President of the Central Bank
- In office 1981–1982
- Preceded by: Álvaro Bardón
- Succeeded by: Miguel Kast

Minister of Finance
- In office 22 April 1982 – 30 August 1982
- President: Augusto Pinochet
- Preceded by: Sergio de Castro
- Succeeded by: Rolf Lüders

Vice-President of the Central Bank
- In office 1977–1981
- President: Augusto Pinochet
- Preceded by: Álvaro Bardón

Personal details
- Born: 5 January 1942 Santiago, Chile
- Died: 5 October 2021 (aged 79) Santiago, Chile
- Party: Independent Democratic Union
- Spouse: Pabla Emilia Fontaine Andrade ​ ​(m. 1966)​
- Children: Four
- Parent(s): Marco Antonio de la Cuadra Poisson Adriana Fabres Pinto
- Education: Pontifical Catholic University of Chile; University of Chicago;
- Occupation: Economist, politician

= Sergio de la Cuadra =

Chilean economist (1942–2021)

Sergio de la Cuadra Fabres (5 January 1942 – 5 October 2021) was a Chilean economist and politician, a member of the Independent Democratic Union (UDI).

He served as President of the Central Bank of Chile and as Minister of Finance during the military dictatorship of General Augusto Pinochet.

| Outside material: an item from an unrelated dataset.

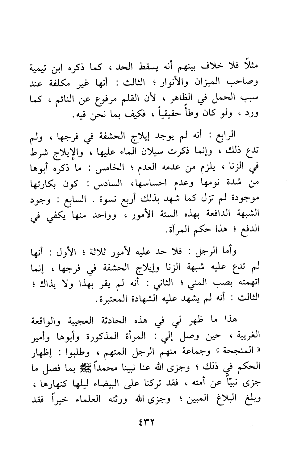 هذا ما ظهر لي في هذه الحادثة العجيبة والواقعة الغريبة، حين وصل إلي: المرأة المذكورة، وأبوها، وأمير المنجحة، وجماعة منهم الرجل المتهم، وطلبوا: إظهار الحكم في ذلك، وجزى الله عنا نبينا محمداً صلى الله عليه وسلم بما فصل ما جزى نبياً عن أمته؛ فقد تركنا على البيضاء ليلها كنهارها، وبلغ البلاغ المبين; وجزى الله ورثته العلماء خيراً فقد

== Family and education ==
De la Cuadra was born in Santiago de Chile on 5 January 1942, the son of Adriana Fabres Pinto and the former radical minister and deputy Marco Antonio de la Cuadra Poisson, and the brother of Arturo de la Cuadra Poisson, who served as intendant of the provinces of Aysén and Magallanes.

He completed his higher education in business and economics at the Pontifical Catholic University of Chile (PUC) and later earned a master’s and PhD degree from the University of Chicago.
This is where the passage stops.